Making Metriport open-source was a decision we made from day one, based on our philosophy that transparency leads to innovation, especially in healthcare.
From a security and compliance standpoint, we’re fully SOC 2 Type 2 and HIPAA compliant (https://security.metriport.com/). Additionally, using Metriport for patient data exchange today requires a Treatment purpose of use under HIPAA - which means that only Covered Entities, or Business Associates who work with Covered Entities, can use Metriport. This means that companies doing things such as clinical trials recruitment, for example, can’t use Metriport, but a primary care provider, or a clinical decision support vendor, can. This is due to current requirements set forth by HIEs, which may open up to support alternative use cases in the future, such as Individual Access Services (IAS).
We charge per full medical record retrieval for a patient (which we call a query). This starts at $1 per query (with a monthly minimum), and scales down from there based on volume. We only charge for queries that return at least one record (and even if a query returns 1000 documents for a single patient, we still count that as a single query) - no charge is incurred for sharing data back to the networks, or making API calls to generate medical record summaries, for example.
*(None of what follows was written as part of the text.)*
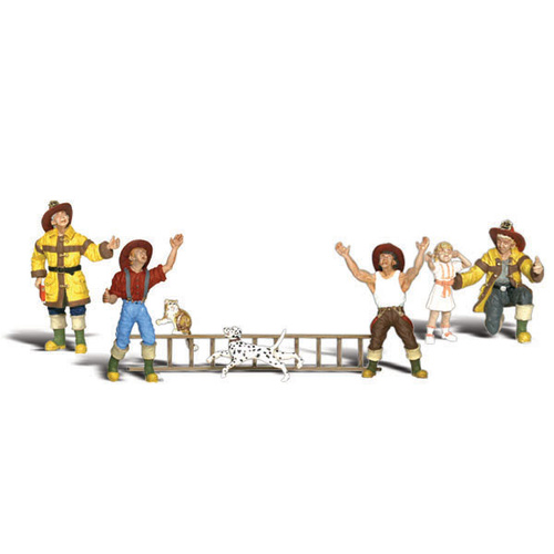 A set of four firemen, a little girl, a dog, cat and a ladder. One fireman is caring for the little girl, one fireman is signaling above his head, one fireman is standing, looking up at another fireman on a ladder who is rescuing a cat from a tree.

You can see all the code for Metriport in our public GitHub repo: https://github.com/metriport/metriport. For anyone wanting to give us a whirl, you can do so by getting started with our free sandbox environment (https://docs.metriport.com/medical-api/getting-started/quick...).
We’re looking forward to hearing what you think, and happy to answer any questions you may have, as the health information exchange space is pretty niche - thanks for taking the time to read this, we hope it was interesting!